> **Supplied material**
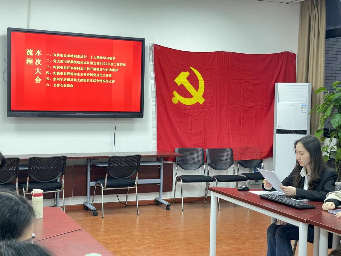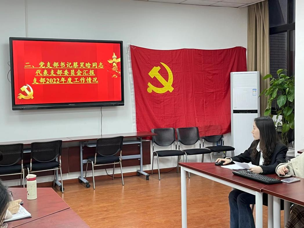 随后,进入了组织生活会的第二项议程:由蔡笑晗同志代表支委会向党员大会汇报2022年度工作情况。她由表及里地对过去一整年的工作情况及存在的问题展开剖析,她指出支部还存在理论学习效果不佳、活动开展积极性不高、督促检查复盘不到位等问题,针对这些问题,她谈到下一步工作应该加大思想建设工作力度,创新理论学习形式载体;抓主要矛盾,解决重点难点;复盘总结启新思,踔厉奋发向未来。
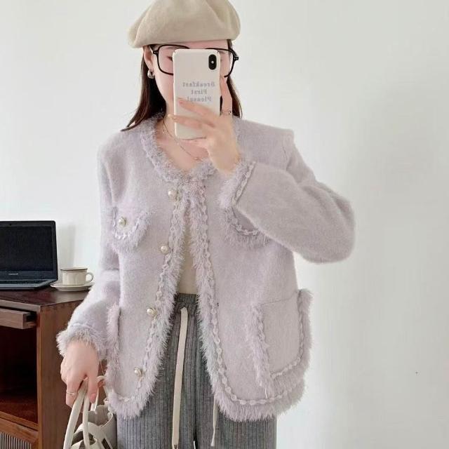 外套洋氣春季女裝仿水貂針織2025高級新款香風氣質名媛開衫上衣
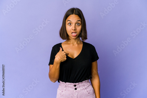 Young mixed race woman surprised pointing with finger, smiling broadly.
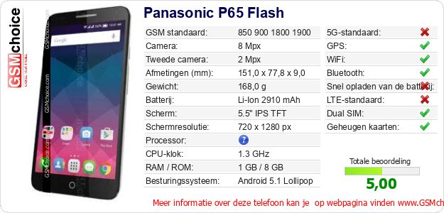 Gegevens van de telefoon Panasonic P65 Flash op jouw webpagina
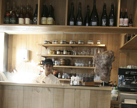 Loin des crêperies traditionnelles, le lieu est très minimaliste, avec une déco en bois brut, granit et des chaises hautes façon bar à sushis.

> **What you should do**
Give back the listing exactly, with the pictures removed.

> **Exercise answer**
 随后,进入了组织生活会的第二项议程:由蔡笑晗同志代表支委会向党员大会汇报2022年度工作情况。她由表及里地对过去一整年的工作情况及存在的问题展开剖析,她指出支部还存在理论学习效果不佳、活动开展积极性不高、督促检查复盘不到位等问题,针对这些问题,她谈到下一步工作应该加大思想建设工作力度,创新理论学习形式载体;抓主要矛盾,解决重点难点;复盘总结启新思,踔厉奋发向未来。
 外套洋氣春季女裝仿水貂針織2025高級新款香風氣質名媛開衫上衣
 Young mixed race woman surprised pointing with finger, smiling broadly.
 Gegevens van de telefoon Panasonic P65 Flash op jouw webpagina
 Loin des crêperies traditionnelles, le lieu est très minimaliste, avec une déco en bois brut, granit et des chaises hautes façon bar à sushis.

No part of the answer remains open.